In this walkthrough, you’ll first learn what Server-Side Request Forgery is and how it differs from Client-Side Request Forgery. We will create a sample application to gain a better understanding of how Server-Side Request Forgery attacks work, and explore various methods to safeguard our application against SSRF vulnerabilities.

Table of Contents:

Prerequisites

  1. Node and Express: We’ll create a JavaScript sample application using the Express framework. A basic understanding of the framework would be helpful. You will need the Node Runtime Environment to execute the scripts.
  2. Postman Client: To make an API request and to exploit the vulnerability, you will need a tool to make HTTP Requests. You may use your web browser’s “Edit and Send” feature under the Networks tab, but since not all browsers allow this, it’s best to use a tool like Postman which provides a better UI to observe responses.

What is Server-Side Request Forgery?

Server-Side Request Forgery, or SSRF, is a security vulnerability that allows malicious actors to manipulate the server into making unintended requests on behalf of the server itself.

SSRF provides a window for such malicious actors to make requests “from” the server when they should be making requests “to” the server.

To appreciate what this means, let’s look at a normal request execution using the sequence diagrams below:

image-104
UML Sequence Diagram for normal request execution

In a typical scenario, a server processes incoming requests from clients. Users or external systems initiate these requests, and the server responds accordingly. This is a standard client-server interaction where the server acts upon the requests it receives.

Now let’s look at what SSRF looks like:

image-7
UML Sequence Diagram for SSRF attacks

In applications vulnerable to SSRF, attackers exploit the server’s ability to make HTTP requests to resources that should not be directly accessible from the public internet. These resources may include internal protected resources, APIs, websites, or databases that can only be accessed from the server.

Attackers achieve this by tricking the server into making unintended requests to various destinations, including internal APIs, internal HTML pages, and internal databases.

How Does SSRF Differ from CSRF?

SSRF is an attack where an attacker can make the server perform requests on their behalf. This involves manipulating the server to make requests to internal resources, which can result in unauthorized actions or information disclosure.

On the other hand, in CSRF, or Client-Side Request Forgery, the attacker tricks a user’s browser into making unintended requests to a specific web application for which the user is already authenticated. This means that actions are performed on behalf of the user without their consent.

Backend Developers must be aware of SSRF to make secure applications. In contrast, front-end developers must be mindful of and implement client-side security measures to prevent CSRF attacks.

Identifying Code Smells

SSRF attacks often occur when web applications improperly mishandle user-controlled input, leading to network requests based on inadequately sanitized user input. Processing un-sanitized URLs in API requests is a common entry point for SSRF attacks.

Another common giveaway to identifying SSRF vulnerabilities in your applications is to check for instances where XML parsing occurs without adequate validation of external entities. Applications that fail to validate and secure their XML parsers properly may inadvertently expose themselves to SSRF risks.

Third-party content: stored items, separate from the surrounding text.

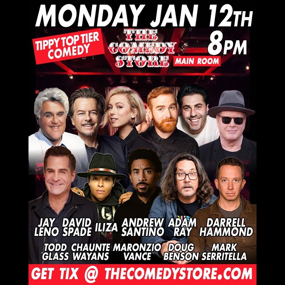 *SOLD OUT* Tippy Top Tier - Jay Leno, David Spade, Iliza Shlesinger, Andrew Santino, Adam Ray, Darrell Hammond, Doug Benson, Todd Glass, Chaunte Wayans, Nicky Paris, Maronzio Vance, Mark Serritella +more!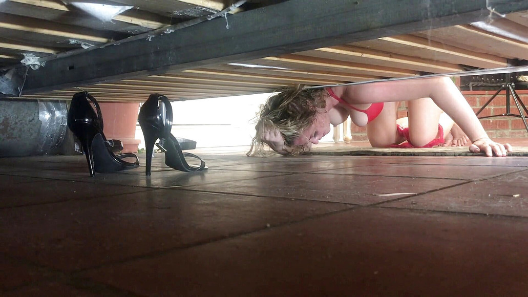 she was just trying to reach her shoes that were way under the bed for some reason when she catches her hair in gets herself really stuck under the bed, which is embarrassing because she is in her panties and the only person in the house to help is her stepson. he is a total perv and won't help though and says he would rather let her stay there. so she has to convince him with her pussy. he can have sex with her she says as long as he doesn't cum in her pussy, but of course he does....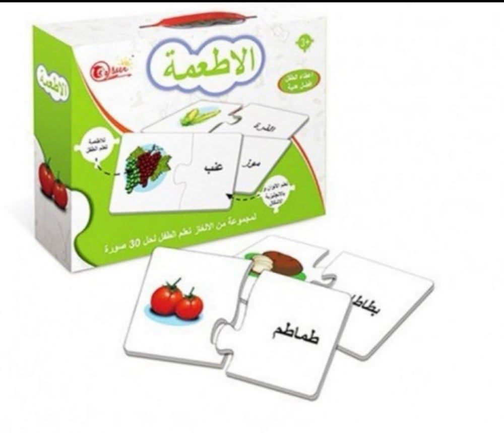 - اطلب من الطفل مطابقة القطع لربط صورة الطعام بـ اسمه العربي.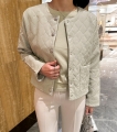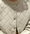 퀼팅 패턴이 돋보이는 에코 레더 자켓이에요.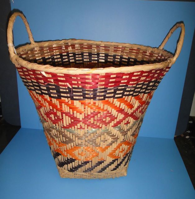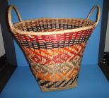 Large Two Handle Choctaw Gathering Basket in tan, orange, black, two shades of green and red; 17" dia., 21" h., 16 1/2" d. Large Two Handle Choctaw Gathering Basket in tan, orange, black, two shades of green and red; 17" dia., 21" h., 16 1/2" d.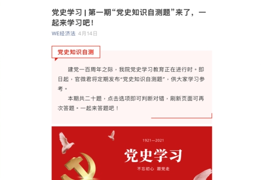 2021年3月2日,学院公众号推出系列推送【党史学习|党史百年天天读】栏目,每天更新党史学习资料,截至目前已连续推出文章65篇。该栏目内容转自公众号共产党员在“重要论述”“党史回眸”“历史瞬间”三大板块中图文并茂地分享了重要讲话精神、历史节点等多项内容。自4月14日学院公众号还推出了“党史知识自测题”,供全院师生学习参考,为迎接中国共产党百年华诞回顾党的光辉历程创造了条件,营造学党史、知党情、跟党走的浓厚氛围,进一步丰富党史学习教育内容,以实际行动践行初心使命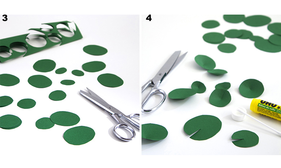 Prendi il cartoncino verde, piegalo a fisarmonica ogni 5 cm sul lato più lungo, per tagliare poi in contemporanea più cerchi. Hai una striscia plissettata di cm 5x30 sulla quale disegnerai 4-5 cerchi e ovali di diametro da cm 2 a 4,5 (le foglie). Ritagliali con le forbici.

In this walkthrough, you will make a server that takes a URL and uses it to make network requests without proper validation and sanitization. You will then see ways to mitigate this issue.

Understanding the Pain Points

To better understand the issue of SSRF attacks, lets create a sample application using Express and JavaScript. Below is a Mermaid Sequence Diagram where we explain what the code base does:

image-169
UML Sequence Diagram for the sample application

We will create an Express app with two endpoints — /fetch, a GET request designed to fetch content from a specified URL, and /admin, another GET request, which is an internal API within the organization that accesses an internally protected resource.

We will discover a security vulnerability associated with Server-Side Request Forgery (SSRF) in implementing the first GET request.

We will also create another helper function at the /uploads endpoint to allow our clients to fetch and view their recently uploaded content.

Project Setup

To get started, let’s quickly set up our repository and install all the required packages. In the root of your workspace, install Express and Axios using the following command:

npm init -y | npm i axios express

Executing this command will create a package.json file with default settings and install the specified packages.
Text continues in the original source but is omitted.